Senate Republicans are sending a letter Monday to the White House budget office arguing that President Obama’s nominee to be treasury secretary, Jacob “Jack” Lew, was complicit in breaking a Medicare budget law.
The
letter comes the same day that Mr. Obama officially missed another
deadline in the budget law by failing to submit his blueprint on the
first Monday in February. The president has only met that deadline once
in his tenure.
On the Medicare
funding issue, federal law requires that if the program’s funding
becomes imbalanced, its trustees are required to issue a warning, and
the president is required to send Congress a plan to repair the finances.
Then-President George W. Bush did just that during his time in the White House, but Mr. Obama has never filed the submission.
“The
administration has failed each of the last four years to response to
these funding warnings despite receiving several communications from Congress urging them to comply,” eight Republicans on the Senate Budget Committee said in a letter to the White House.
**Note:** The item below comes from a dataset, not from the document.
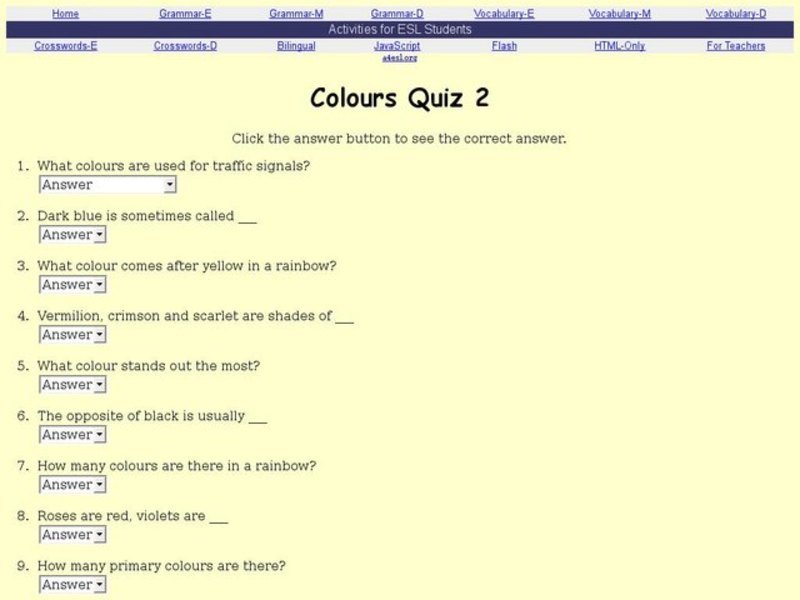 In this colors worksheet, students answer short answer questions where they identify colors asked. Students complete 10 questions total.
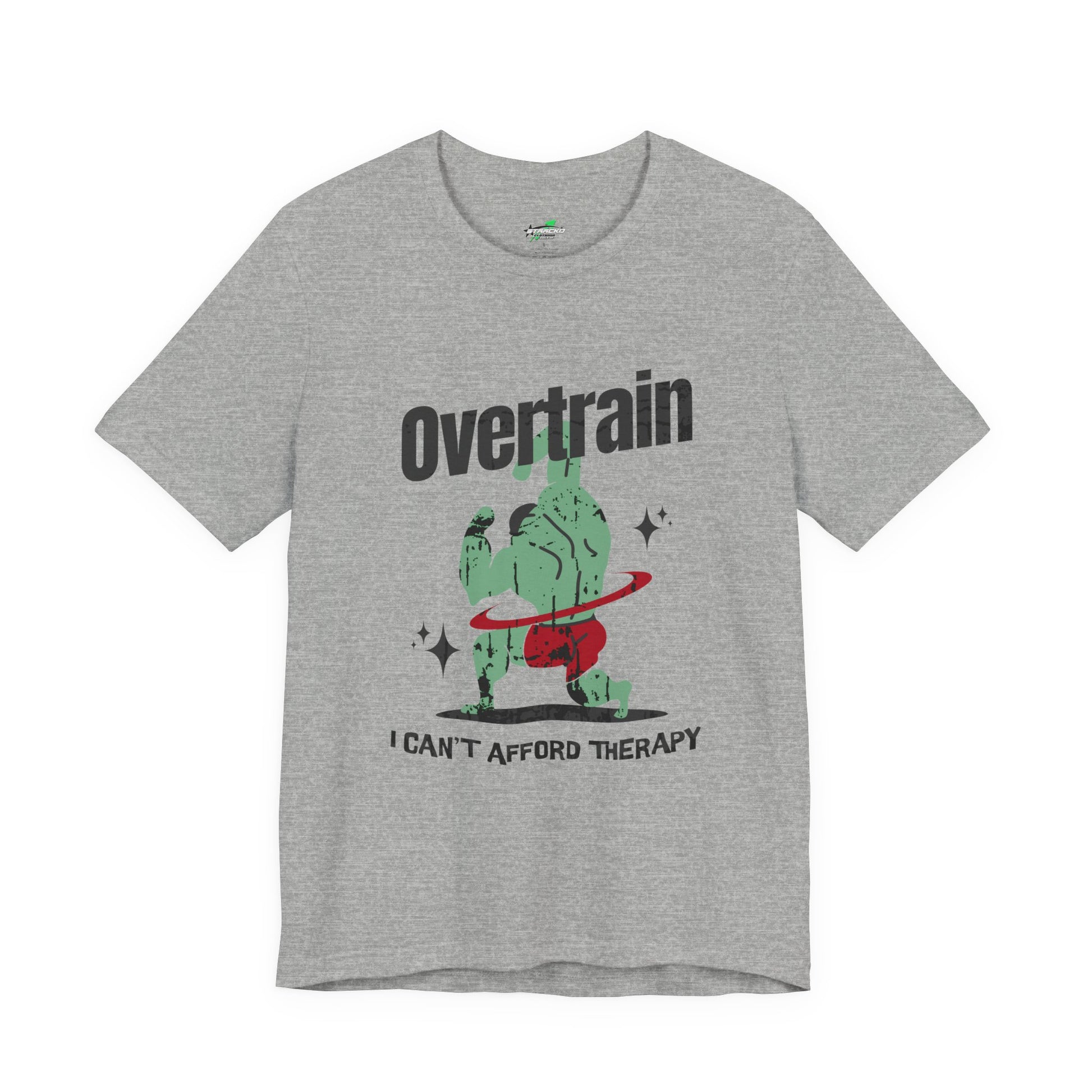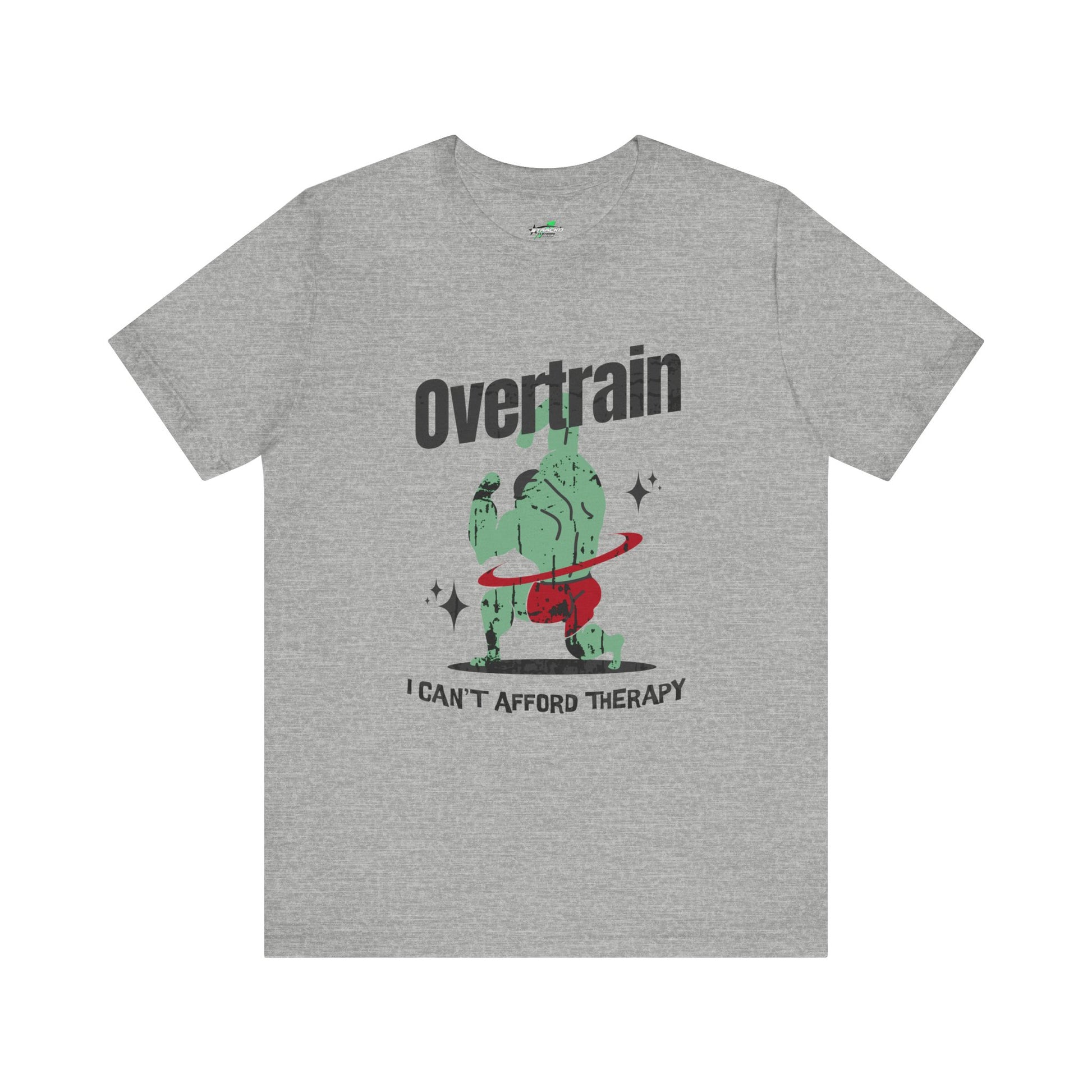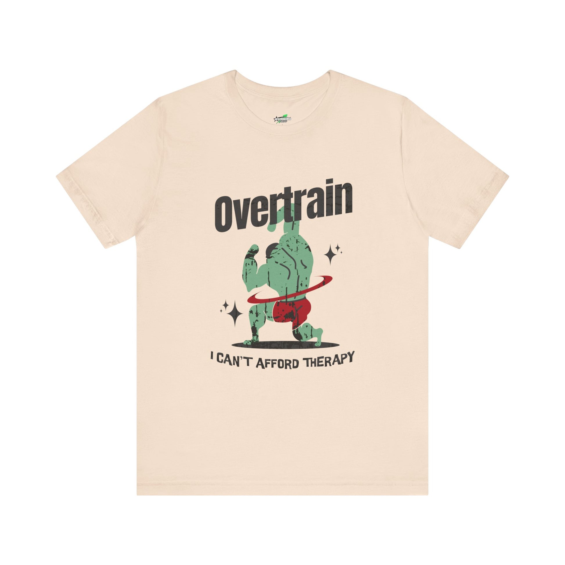 This humorous T-Shirt features the phrase 'Overtrain i cant afford therapy'. It is perfect for those who have a sense of humor and enjoy casual wear. Ideal for fitness enthusiasts or anyone looking to add some fun to their wardrobe. Suitable for everyday wear or as a gift for a friend who loves to work out.

Mr. Lew was director of the White House budget office in 2010 and 2011 during the time when the Medicare submission was required, and the senators said they want to know whether he was complicit in ignoring the law.
As the head of the Treasury Department the secretary is chairman of the Board of Medicare Trustees.
Sen.
Jeff Sessions, the ranking Republican on the Budget Committee, has
repeatedly demanded the Obama administration comply with the Medicare law.
He and House Budget Committee Chairman Paul D. Ryan wrote Mr. Obama in 2011 demanding he submit the plan required by law.
But budget and notification laws are routinely ignored.
Mr.
Obama has missed this year’s legal deadline for submitting a budget,
blaming the late passage of the tax increase deal early last month.
And Congress
hasn’t passed a budget since 2009, even though the Budget Act of 1974
requires it to adopt a budget resolution by April 15 every year.